* Description of the task
Word for word, transcribe the lines below and drop the pictures.
+++ The data
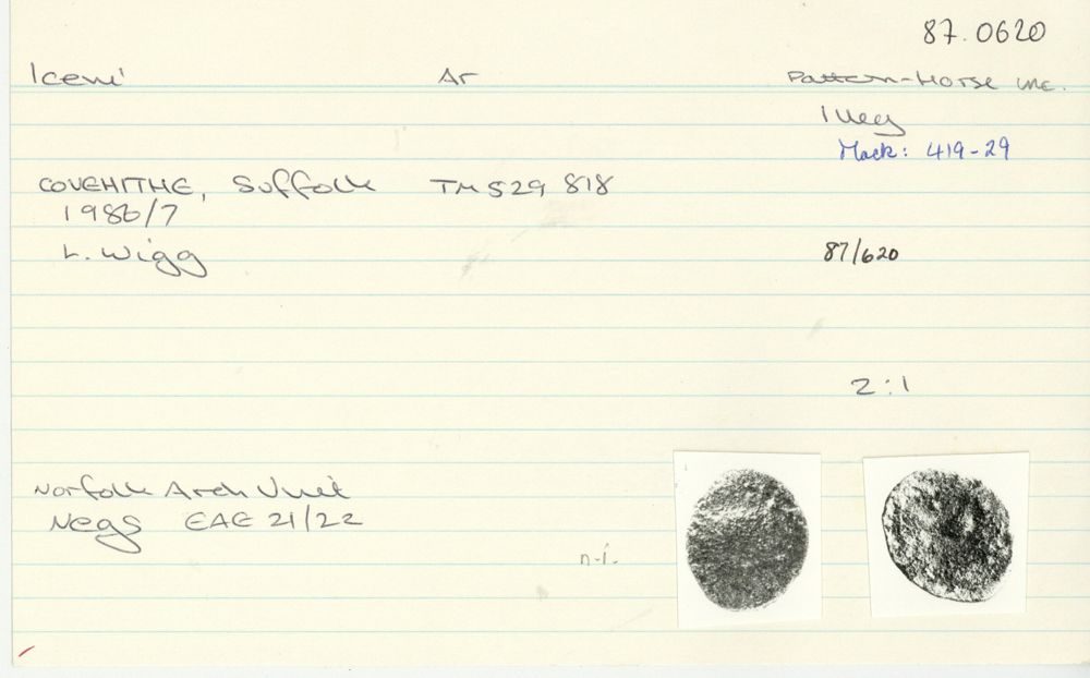ED or EDN: Globular horse right, large oval head with pellet for eye, S below head, wreath-like mane, two pellets below tail, pelleted sun above, two pellets and ED or EDN below
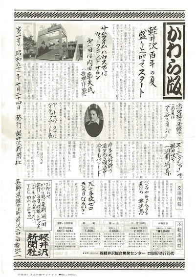 軽井沢新聞の前身『かわら版』第1号(昭和61年発行)のトップニュースは、「軽井沢百年の夏、盛り上
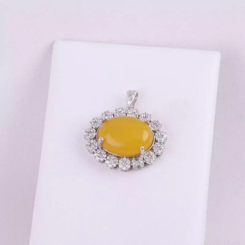 مدال زیبای نقره با نگین عقیق زرد اصل مزین به حرز شزف الشمس که در روز 19 فروردین به رعایت تمامی آداب حکاکی می شود.
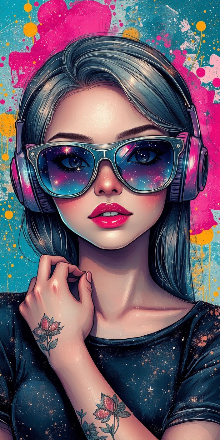 Reflective dark Apple logo splashed with vibrant paint, glowing bokeh background, modern futuristic tech aesthetic.
++++++
* Exercise result
ED or EDN: Globular horse right, large oval head with pellet for eye, S below head, wreath-like mane, two pellets below tail, pelleted sun above, two pellets and ED or EDN below
 軽井沢新聞の前身『かわら版』第1号(昭和61年発行)のトップニュースは、「軽井沢百年の夏、盛り上
 مدال زیبای نقره با نگین عقیق زرد اصل مزین به حرز شزف الشمس که در روز 19 فروردین به رعایت تمامی آداب حکاکی می شود.
 Reflective dark Apple logo splashed with vibrant paint, glowing bokeh background, modern futuristic tech aesthetic.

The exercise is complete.